▶ Dataset excerpts:
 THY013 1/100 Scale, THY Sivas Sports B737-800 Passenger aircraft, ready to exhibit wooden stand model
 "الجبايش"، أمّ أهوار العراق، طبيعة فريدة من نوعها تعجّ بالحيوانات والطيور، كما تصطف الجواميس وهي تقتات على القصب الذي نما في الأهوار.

==

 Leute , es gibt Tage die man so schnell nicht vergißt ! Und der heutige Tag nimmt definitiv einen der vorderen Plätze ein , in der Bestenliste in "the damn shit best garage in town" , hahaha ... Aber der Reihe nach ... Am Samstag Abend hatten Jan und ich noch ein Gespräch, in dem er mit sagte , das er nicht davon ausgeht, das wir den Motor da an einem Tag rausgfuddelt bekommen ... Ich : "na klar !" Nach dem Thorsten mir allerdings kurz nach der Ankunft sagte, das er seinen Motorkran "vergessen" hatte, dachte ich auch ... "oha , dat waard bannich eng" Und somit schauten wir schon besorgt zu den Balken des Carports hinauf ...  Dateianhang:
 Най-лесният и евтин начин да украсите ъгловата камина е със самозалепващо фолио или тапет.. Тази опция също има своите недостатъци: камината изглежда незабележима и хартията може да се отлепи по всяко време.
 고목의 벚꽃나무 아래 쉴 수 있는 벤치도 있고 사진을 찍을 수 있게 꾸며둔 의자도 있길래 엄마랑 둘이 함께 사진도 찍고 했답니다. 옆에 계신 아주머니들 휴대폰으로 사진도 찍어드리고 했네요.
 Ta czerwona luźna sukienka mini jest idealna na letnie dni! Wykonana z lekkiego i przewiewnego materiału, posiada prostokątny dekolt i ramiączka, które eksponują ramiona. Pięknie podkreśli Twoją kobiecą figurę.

---

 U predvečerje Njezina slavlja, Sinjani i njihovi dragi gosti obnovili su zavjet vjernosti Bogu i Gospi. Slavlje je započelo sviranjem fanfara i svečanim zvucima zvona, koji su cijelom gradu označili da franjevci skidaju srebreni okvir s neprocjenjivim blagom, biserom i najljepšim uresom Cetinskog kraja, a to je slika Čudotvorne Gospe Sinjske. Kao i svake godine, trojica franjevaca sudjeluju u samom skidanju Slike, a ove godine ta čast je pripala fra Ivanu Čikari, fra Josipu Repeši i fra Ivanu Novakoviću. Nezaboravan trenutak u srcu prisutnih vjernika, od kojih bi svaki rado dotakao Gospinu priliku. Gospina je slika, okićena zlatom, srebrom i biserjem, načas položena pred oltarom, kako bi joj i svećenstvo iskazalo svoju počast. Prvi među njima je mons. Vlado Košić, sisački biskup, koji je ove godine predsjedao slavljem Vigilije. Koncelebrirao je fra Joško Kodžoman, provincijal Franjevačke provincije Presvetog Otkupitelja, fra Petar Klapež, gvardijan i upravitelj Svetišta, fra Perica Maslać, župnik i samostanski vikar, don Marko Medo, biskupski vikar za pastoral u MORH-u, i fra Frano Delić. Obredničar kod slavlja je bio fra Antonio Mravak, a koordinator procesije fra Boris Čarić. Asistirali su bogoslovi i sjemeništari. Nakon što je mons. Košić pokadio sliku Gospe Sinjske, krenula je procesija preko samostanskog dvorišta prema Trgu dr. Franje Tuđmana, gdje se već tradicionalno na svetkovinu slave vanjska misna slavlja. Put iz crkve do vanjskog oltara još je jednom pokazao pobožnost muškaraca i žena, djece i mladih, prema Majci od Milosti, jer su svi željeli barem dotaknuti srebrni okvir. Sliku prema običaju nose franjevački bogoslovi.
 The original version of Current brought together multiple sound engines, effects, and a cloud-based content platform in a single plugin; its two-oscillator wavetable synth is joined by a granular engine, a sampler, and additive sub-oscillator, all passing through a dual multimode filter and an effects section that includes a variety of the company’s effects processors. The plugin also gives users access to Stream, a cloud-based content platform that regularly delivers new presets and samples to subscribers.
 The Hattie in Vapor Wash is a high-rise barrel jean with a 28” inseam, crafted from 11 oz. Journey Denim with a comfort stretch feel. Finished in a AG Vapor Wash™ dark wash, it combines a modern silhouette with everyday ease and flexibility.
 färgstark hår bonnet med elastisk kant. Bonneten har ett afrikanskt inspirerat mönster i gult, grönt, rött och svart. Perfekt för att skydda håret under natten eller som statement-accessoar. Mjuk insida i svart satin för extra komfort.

▶ Problem to work on: In the entries above, please find the line with "고목의 벚꽃나무 아래" and the line with "Ta czerwona luźna", then write out exactly those two lines and every line between them, and nothing more.

▶ Result:
 고목의 벚꽃나무 아래 쉴 수 있는 벤치도 있고 사진을 찍을 수 있게 꾸며둔 의자도 있길래 엄마랑 둘이 함께 사진도 찍고 했답니다. 옆에 계신 아주머니들 휴대폰으로 사진도 찍어드리고 했네요.
 Ta czerwona luźna sukienka mini jest idealna na letnie dni! Wykonana z lekkiego i przewiewnego materiału, posiada prostokątny dekolt i ramiączka, które eksponują ramiona. Pięknie podkreśli Twoją kobiecą figurę.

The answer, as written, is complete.